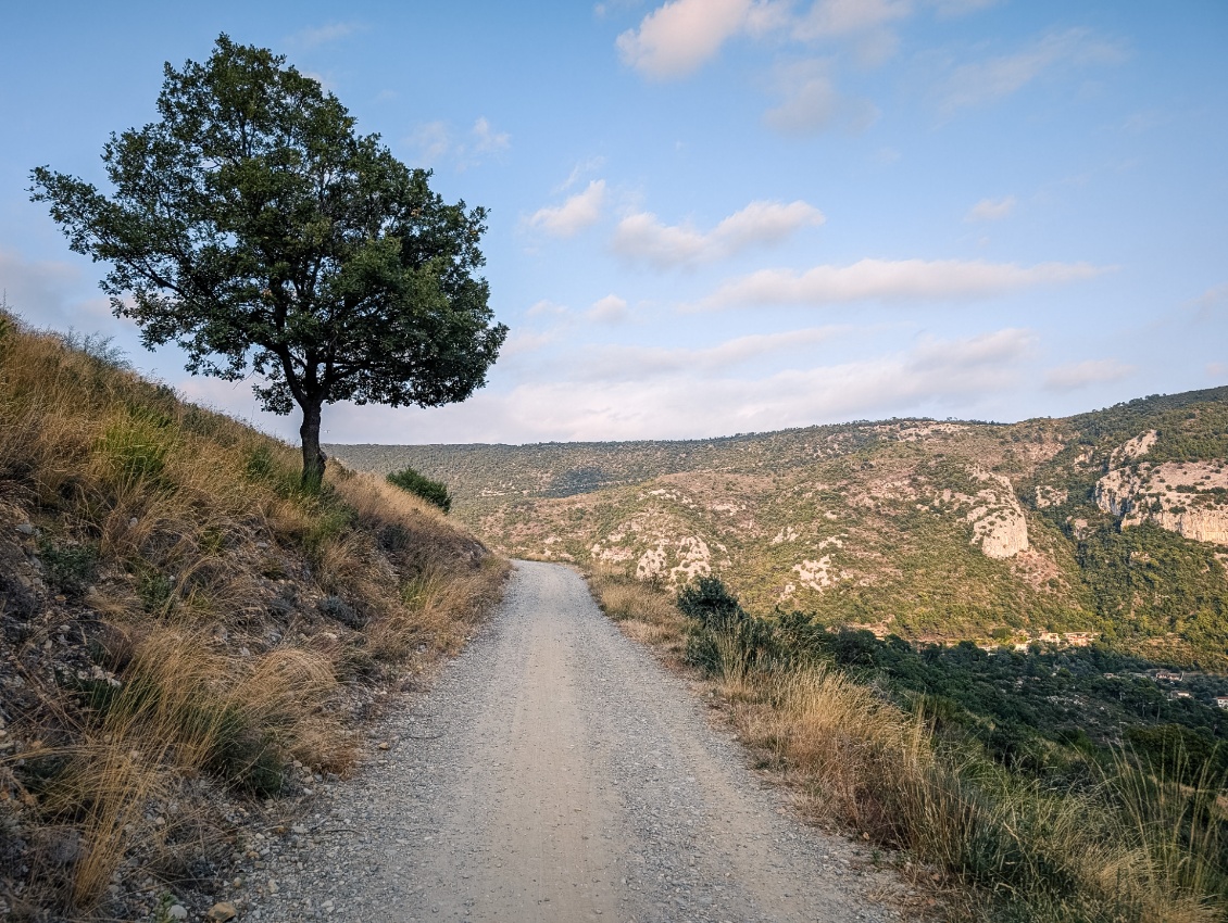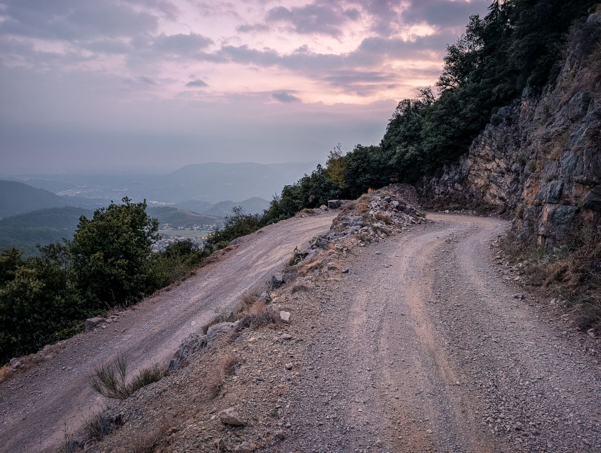La fin de journée joue les contrastes, entre quelques routes saturées en cette fin de journée de travail, et des pistes 5 étoiles, au gravier impeccable et à la vue dégagée. La rédemption arrive sur le mont Férion, une sorte de Ventoux version gravel. Le tumulte s’éteint définitivement au fur et à mesure de l’ascension. Quelques arbres au col de Dragon feront office de toit pour la nuit.
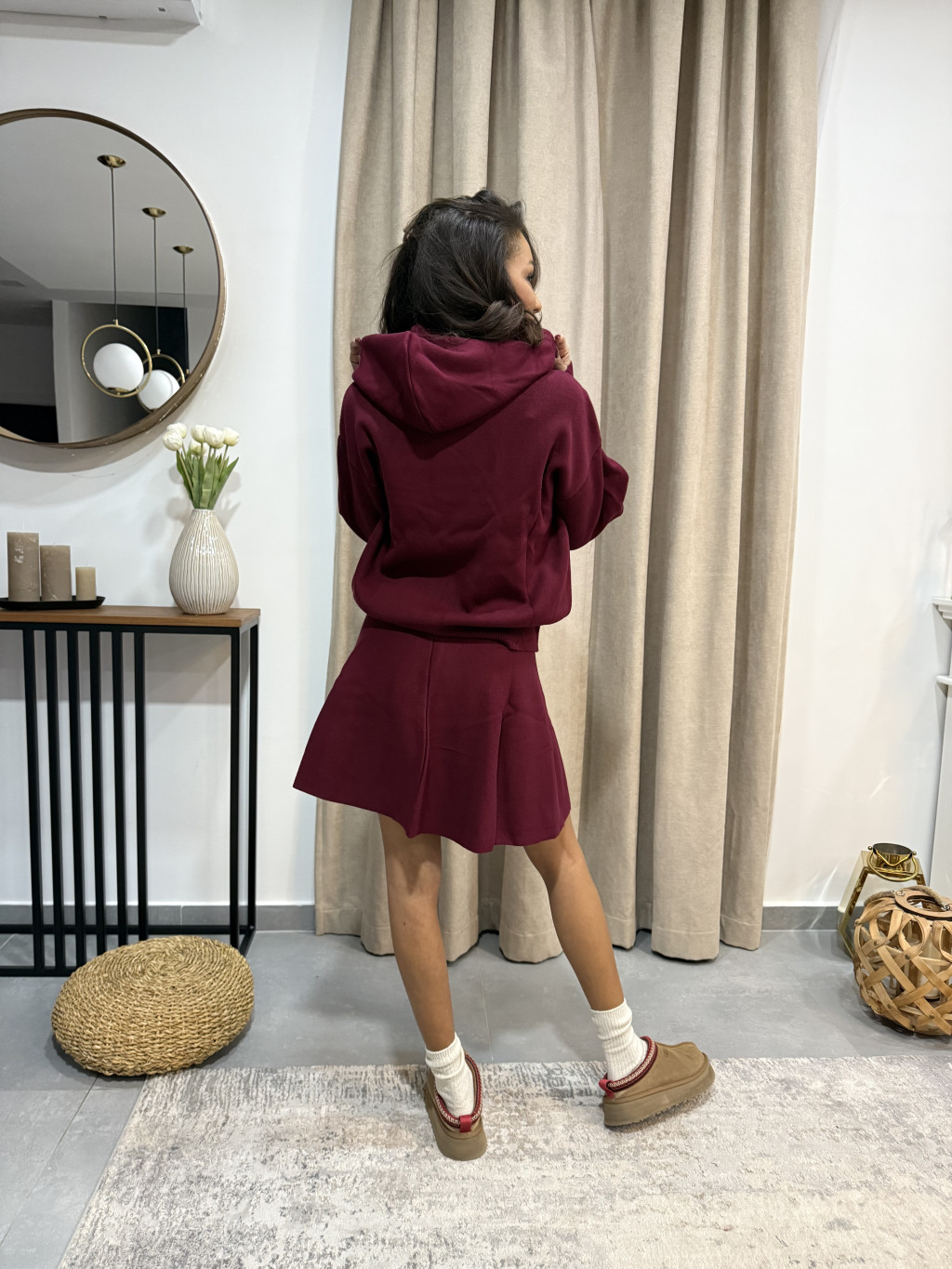 A Bordó kapucnis szoknyás szett a lezser elegancia egyik legszebb megjelenése. A puha, kötött anyag kényelmes viseletet biztosít egész nap, miközben a nőies szoknyarész és a modern kapucnis felső egy igazán friss és trendi kombinációt alkot.
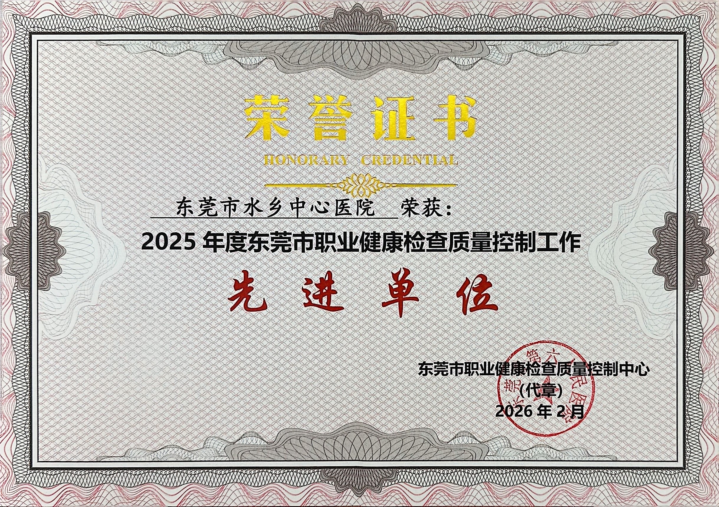 此次获评,是上级部门对医院专业技术与服务管理水平的充分肯定,也体现了医院主动担当、服务社会、支撑全市职业健康工作的责任意识。下来,东莞市人民医院水乡医院(东莞市水乡中心医院)将进一步完善职业健康检查质量控制体系,强化技术能力建设,持续优化职业健康检查服务流程,为辖区内企业和劳动者提供更专业、更精准的职业健康检查服务,切实筑牢职业健康防护屏障,为职业病防治工作贡献力量。
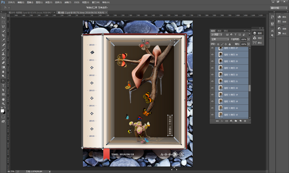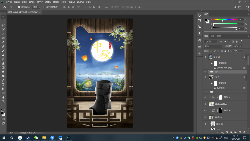 产品场景合成-材质贴图-中秋海报-冷暖色系
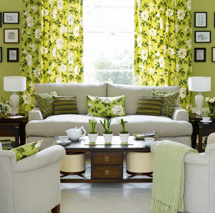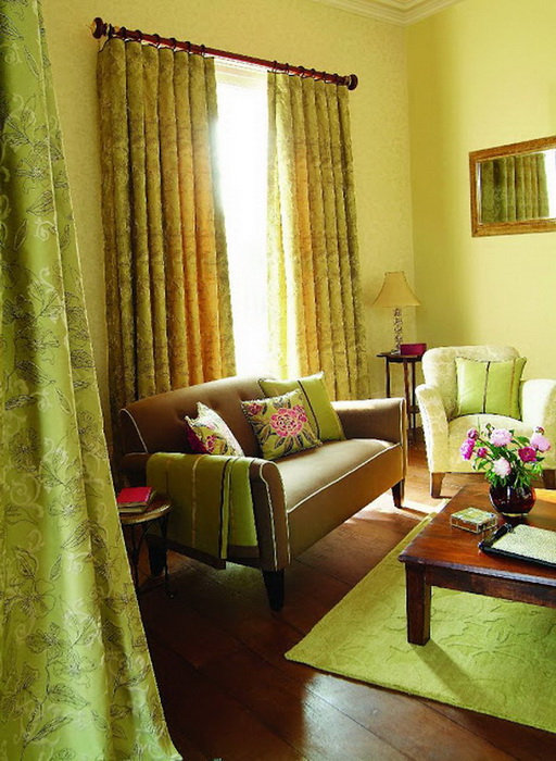 А вот комната с цветастыми шторами и белым диваном, кажется перенасыщенной цветом, зеленью – шторы мешают.
* * * * *
# Assignment
Everything in the listing, except its images, should be set down exactly.

# Written reply
La fin de journée joue les contrastes, entre quelques routes saturées en cette fin de journée de travail, et des pistes 5 étoiles, au gravier impeccable et à la vue dégagée. La rédemption arrive sur le mont Férion, une sorte de Ventoux version gravel. Le tumulte s’éteint définitivement au fur et à mesure de l’ascension. Quelques arbres au col de Dragon feront office de toit pour la nuit.
 A Bordó kapucnis szoknyás szett a lezser elegancia egyik legszebb megjelenése. A puha, kötött anyag kényelmes viseletet biztosít egész nap, miközben a nőies szoknyarész és a modern kapucnis felső egy igazán friss és trendi kombinációt alkot.
 此次获评,是上级部门对医院专业技术与服务管理水平的充分肯定,也体现了医院主动担当、服务社会、支撑全市职业健康工作的责任意识。下来,东莞市人民医院水乡医院(东莞市水乡中心医院)将进一步完善职业健康检查质量控制体系,强化技术能力建设,持续优化职业健康检查服务流程,为辖区内企业和劳动者提供更专业、更精准的职业健康检查服务,切实筑牢职业健康防护屏障,为职业病防治工作贡献力量。
 产品场景合成-材质贴图-中秋海报-冷暖色系
 А вот комната с цветастыми шторами и белым диваном, кажется перенасыщенной цветом, зеленью – шторы мешают.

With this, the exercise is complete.